- [Record set]:
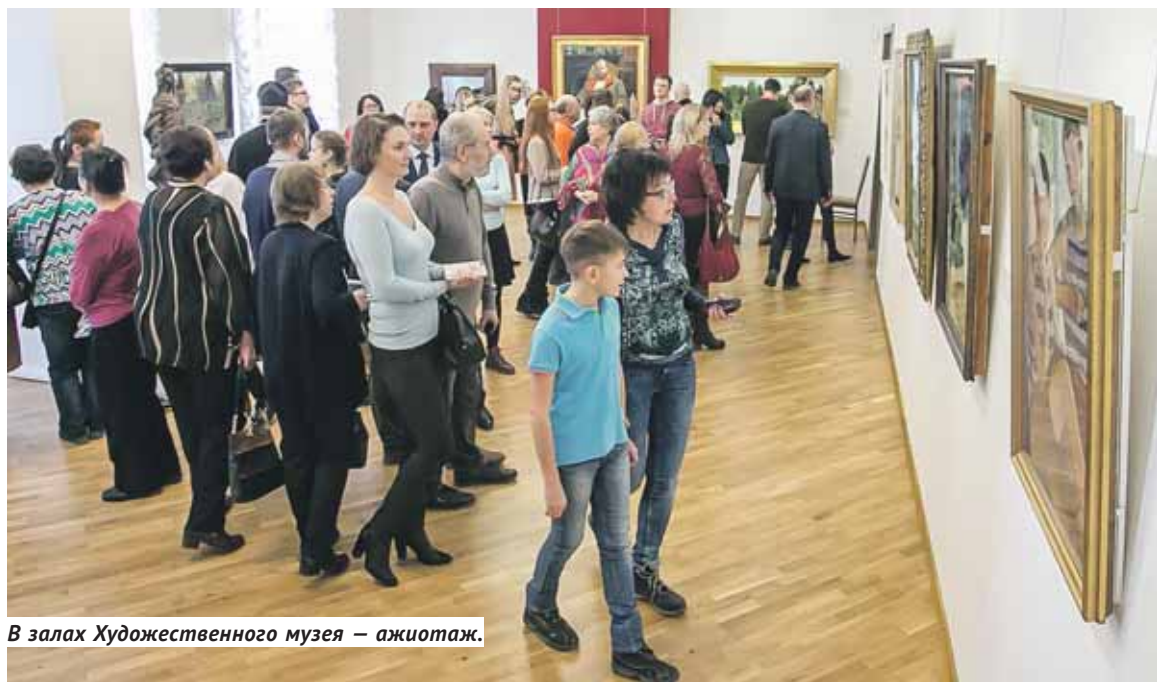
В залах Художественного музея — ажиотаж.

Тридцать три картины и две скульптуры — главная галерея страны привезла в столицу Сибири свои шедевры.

==

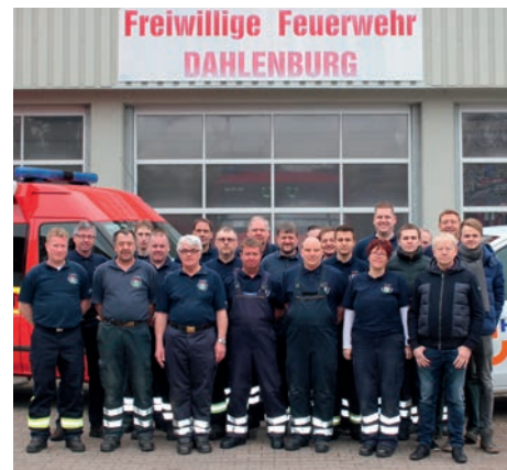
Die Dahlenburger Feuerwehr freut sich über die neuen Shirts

==

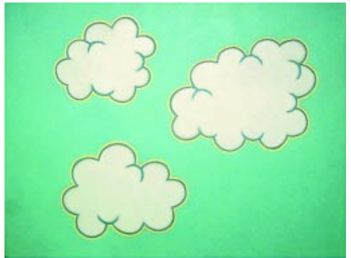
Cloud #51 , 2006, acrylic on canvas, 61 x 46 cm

- [Aim of the exercise]:
There is a run of lines above from the one with "В залах Художественного музея — ажиотаж." to the one with "Тридцать три картины"; print exactly that run, both ends included, and nothing else.

- [Result of this exercise]:
В залах Художественного музея — ажиотаж.

Тридцать три картины и две скульптуры — главная галерея страны привезла в столицу Сибири свои шедевры.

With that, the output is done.